In step S516, the account opening system server 403 determines whether the user of the terminal 401 to be authenticated passes the authentication according to any one or more of the voice comparison result, the call record comparison result, the short message record comparison result, the location comparison result, and the fingerprint authentication result in the above steps. If the authentication is successful, the required service is opened for the terminal 401 to be authenticated; otherwise, manual review is performed to determine the authentication result of the terminal 401 to be authenticated.

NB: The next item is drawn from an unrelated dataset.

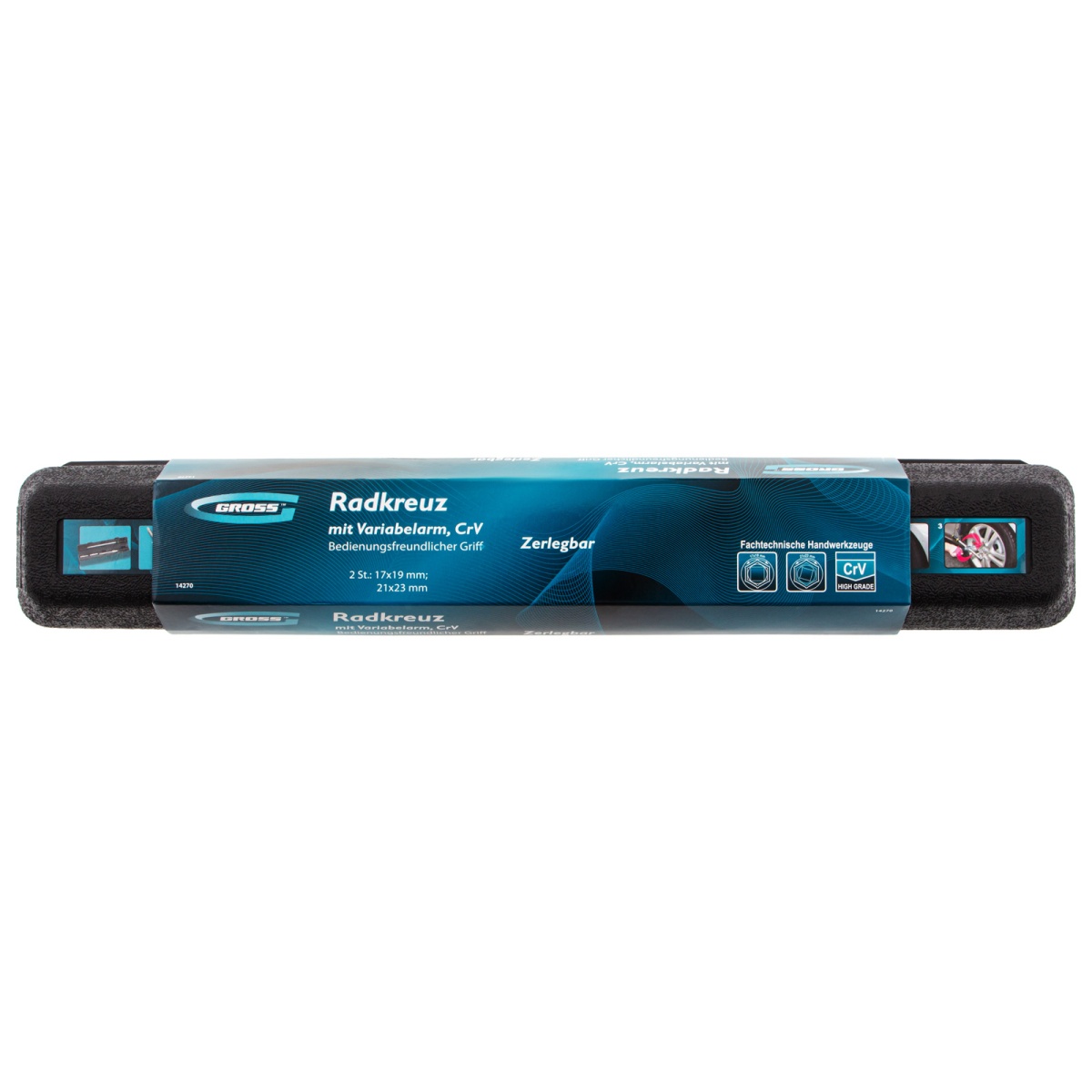 Купить Ключ-крест баллонный, складной с изменяющимся рычагом, 17 мм, 19 мм, 21 мм, 23 мм, CrV, хромированный Gross V2647 по лучшей цене с доставкой - интернет магазин №1 в России

In the embodiment, the user of the terminal to be authenticated is authenticated through various different information, the related information of the user is uploaded to the account opening system server of the operator, the user of the terminal to be authenticated is authenticated from multiple dimensions, the accuracy of the authentication result is determined, the authentication success rate of the terminal to be authenticated is improved, the user can complete the opening of the online service safely by self, and the user experience is improved.
It is to be understood that the above embodiments are merely exemplary embodiments that are employed to illustrate the principles of the present application, and that the present application is not limited thereto. It will be apparent to those skilled in the art that various changes and modifications can be made therein without departing from the spirit and scope of the application, and these changes and modifications are to be considered as the scope of the application.
Claims (10)
1. An authentication method of a terminal, the method comprising:
determining a video verification score according to preset video information and the obtained video information of the terminal to be authenticated;
determining a first verification result according to the video verification score and a preset threshold value;
acquiring communication information to be verified of the terminal to be authenticated;
determining a second verification result according to the communication information to be verified and preset communication information;
and determining whether the terminal to be authenticated passes the authentication or not according to the first verification result and the second verification result.
2. The method according to claim 1, wherein the obtaining of the communication information to be verified of the terminal to be authenticated comprises:
and acquiring any one or more of call record information to be verified of the terminal to be authenticated, short message record information to be verified, voice information to be verified of a user of the terminal to be authenticated and position information to be verified of the terminal to be authenticated.
3. The method according to claim 2, wherein the preset communication information comprises preset voice information of a registered user of the terminal to be authenticated;
determining a second verification result according to the communication information to be verified and preset communication information, wherein the determining comprises:
acquiring the pre-stored preset voice information of the registered user of the terminal to be authenticated;
and comparing the preset voice information with the voice information to be verified, and determining the second verification result.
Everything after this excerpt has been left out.